Task brief: What is needed here is an exact printout of the data, with no pictures included.

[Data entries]

# # #

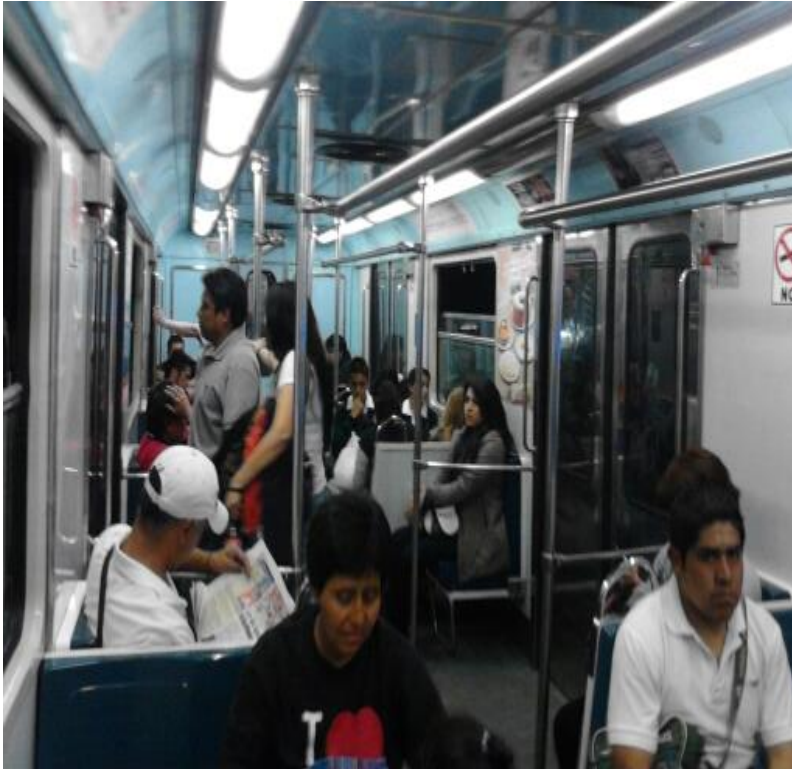
(Fotografía 11: “Paciencia en tu recorrido”. Dentro del vagón línea 1. Autor Ana Karen Martínez Rojas.)

En el metro, los vagones constituyen uno de los espacios sociales, porque es el lugar ideal para observar el cúmulo de usos, valores culturales, expresiones colectivas y fenómenos sociales, interacciones en mayor o menor medida con diferentes personas, para determinar los tipos de usuarios; por tal motivo se hace una observación de la línea 9, línea 1 y línea A de todas las estaciones que corresponde a cada una de éstas permaneciendo en un vagón desde el inicio y final de la estación.
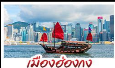
เมืองฮ่อทง

เมืองเก่าชิงเต่า - วิวเมืองฮ่อทง โรงเบียร์ชิงเต่า - ท่าเรือชาวประมงเยียนไก
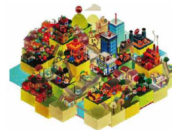
Control de la Tuberculosis en Grandes Ciudades de Latinoamérica y el Caribe Lecciones aprendidas

# # #

Output below:
(Fotografía 11: “Paciencia en tu recorrido”. Dentro del vagón línea 1. Autor Ana Karen Martínez Rojas.)

En el metro, los vagones constituyen uno de los espacios sociales, porque es el lugar ideal para observar el cúmulo de usos, valores culturales, expresiones colectivas y fenómenos sociales, interacciones en mayor o menor medida con diferentes personas, para determinar los tipos de usuarios; por tal motivo se hace una observación de la línea 9, línea 1 y línea A de todas las estaciones que corresponde a cada una de éstas permaneciendo en un vagón desde el inicio y final de la estación.
เมืองฮ่อทง

เมืองเก่าชิงเต่า - วิวเมืองฮ่อทง โรงเบียร์ชิงเต่า - ท่าเรือชาวประมงเยียนไก
Control de la Tuberculosis en Grandes Ciudades de Latinoamérica y el Caribe Lecciones aprendidas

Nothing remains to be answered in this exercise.